Caching in Web Applications


Modern web applications consume large amounts of data, and it's not uncommon for a page to generate as many as 50 SQL queries. WordPress is particularly known for this. Multiply this amount by a growing number of visitors, and you often get an overtaxed database, and sluggish site performance. This results in a poor experience for the users.

The rise of distributed memory caching systems has allowed web applications to substantially improve performance by storing frequently requested data in memory which in turn reduces the number of database requests required. Read-heavy applications benefit the most from implementing a cache layer.

Cache is faster than a database

In the terms of performance, we're always waiting for one of four things: CPU, memory, network, or disk.

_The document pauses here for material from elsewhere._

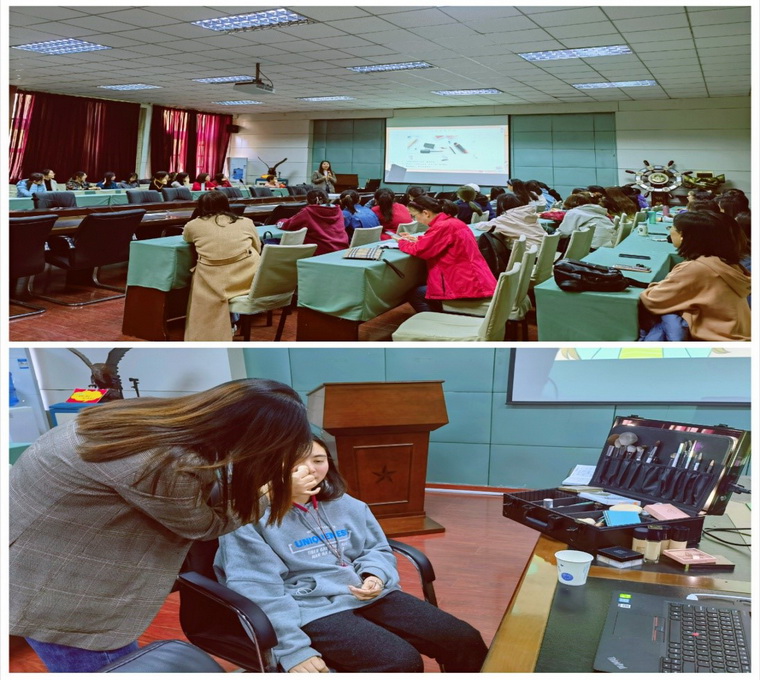 3月23日,由澳门六合彩开奖结果 工会主办的“知性优雅女性形象设计”讲座在院101会议室举行。本次培训特邀请川十影视工作室首席化妆师陈雪姣女士为澳门六合彩开奖结果 女教工及部分学生会干部讲授基础形象设计的技巧。

Caching systems store data in memory where access times are many orders of magnitude faster than magnetic or solid state disk drives.

  • Main memory: 60-120ns (nanoseconds)
  • Solid-state disk: 10-100μs (microseconds)
  • Rotational disk: 5-10ms (milliseconds)

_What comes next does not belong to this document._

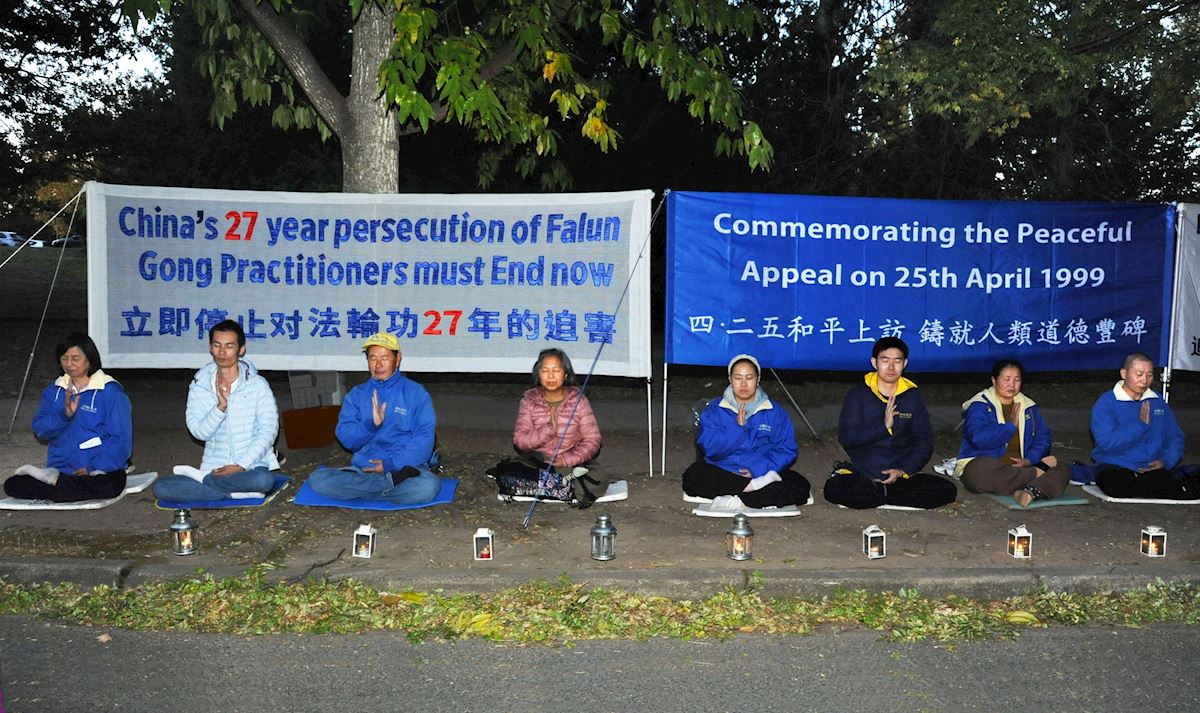 4月24日傍晚,澳洲首都坎培拉部份法輪功學員在中共駐澳大使館前集會,紀念萬名法輪功學員和平上訪27周年。(明慧網)

The cache acts as a temporary data-store and serves as the first lookup location by the application. Here's how it works:

Scenario 1: Cache Hit

Data is in the cache and isn't expired

  1. Application requests data from the cache.
  2. Cache returns the data to the application.

Over time, the cache hit ratio can climb north of 90%.

Scenario 2: Cache Miss

Data is not in the cache or is expired

  1. Application requests data from the cache.
  2. Cache doesn't have the requested data, so returns a null.
  3. Application requests and receives the data from the database.
  4. Application populates the cache with the new data.

Local Memory Caching

Of course, that's fine when we're running a standalone application on a single server.  But what happens when we've got services spread across multiple servers? They cannot access local memory on the app server. The distributed nature of caching systems allows you to fetch the data from anywhere.

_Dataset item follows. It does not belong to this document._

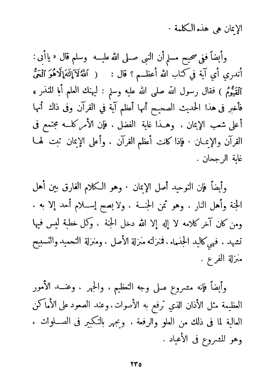الْإِيمَانِ هِيَ هَذِهِ الْكَلِمَةُ. وَأَيْضًا فَفِي صَحِيحِ مُسْلِمٍ {أَنَّ النَّبِيَّ صَلَّى اللَّهُ عَلَيْهِ وَسَلَّمَ قَالَ يَا أبي: أَتَدْرِي أَيَّ آيَةٍ فِي كِتَابِ اللَّهِ أَعْظَمُ؟ قَالَ: {اللَّهُ لَا إلَهَ إلَّا هُوَ الْحَيُّ الْقَيُّومُ} فَقَالَ رَسُولُ اللَّهِ صَلَّى اللَّهُ عَلَيْهِ وَسَلَّمَ ليهنك الْعِلْمُ أَبَا الْمُنْذِرِ} فَأَخْبَرَ فِي هَذَا الْحَدِيثِ الصَّحِيحِ أَنَّهَا أَعْظَمُ آيَةٍ فِي الْقُرْآنِ وَفِي ذَاكَ أَنَّهَا أَعْلَى شُعَبِ الْإِيمَانِ وَهَذَا غَايَةُ الْفَضْلِ فَإِنَّ الْأَمْرَ كُلَّهُ مُجْتَمِعٌ فِي الْقُرْآنِ وَالْإِيمَانِ فَإِذَا كَانَتْ أَعْظَمَ الْقُرْآنِ وَأَعْلَى الْإِيمَانِ ثَبَتَ لَهَا غَايَةُ الرُّجْحَانِ. وَأَيْضًا فَإِنَّ التَّوْحِيدَ أَصْلُ الْإِيمَانِ وَهُوَ الْكَلَامُ الْفَارِقُ بَيْنَ أَهْلِ الْجَنَّةِ وَأَهْلِ النَّارِ وَهُوَ ثَمَنُ الْجَنَّةِ وَلَا يَصِحُّ إسْلَامُ أَحَدٍ إلَّا بِهِ وَمَنْ كَانَ آخِرُ كَلَامِهِ لَا إلَهَ إلَّا اللَّهُ دَخَلَ الْجَنَّةَ وَكُلُّ خُطْبَةٍ لَيْسَ فِيهَا تَشَهُّدٌ فَهِيَ كَالْيَدِ الْجَذْمَاءِ فَمَنْزِلَتُهُ مَنْزِلَةُ الْأَصْلِ وَمَنْزِلَةُ التَّحْمِيدِ وَالتَّسْبِيحِ مَنْزِلَةُ الْفَرْعِ. وَأَيْضًا فَإِنَّهُ مَشْرُوعٌ عَلَى وَجْهِ التَّعْظِيمِ وَالْجَهْرِ وَعِنْدَ الْأُمُورِ الْعَظِيمَةِ مِثْلِ الْأَذَانِ الَّذِي تُرْفَعُ بِهِ الْأَصْوَاتُ وَعِنْدَ الصُّعُودِ عَلَى الْأَمَاكِنِ الْعَالِيَةِ لِمَا فِي ذَلِكَ مِنْ الْعُلُوِّ وَالرِّفْعَةِ وَيَجْهَرُ بِالتَّكْبِيرِ فِي الصَّلَوَاتِ وَهُوَ الْمَشْرُوعُ فِي الْأَعْيَادِ.

Distributed In-Memory Caches

Redis and Memcached are the most widely used distributed caching systems today.  They are both open-source and can be installed on any supported server. They serve as in-memory, key-value NoSQL data stores, although Redis can be more accurately described as a data structure store.  

What code changes are required?

  • Every write operation (SQL INSERTs and UPDATEs) will be performed in both database and cache layer.
  • Every read operation will be performed in cache layer, and will fall back to database in case it is not found in cache.

Cache Expiration

If the data we are caching changes over time, we can set an expiration interval for the cached item. We could also manually clear the cache when a change occurs.

Sensitive Data

Any type of sensitive data like passwords, social security numbers, credit card numbers is best left outside of cache. Adding it to the cache creates an additional attack vector which could lead to compromise of the data.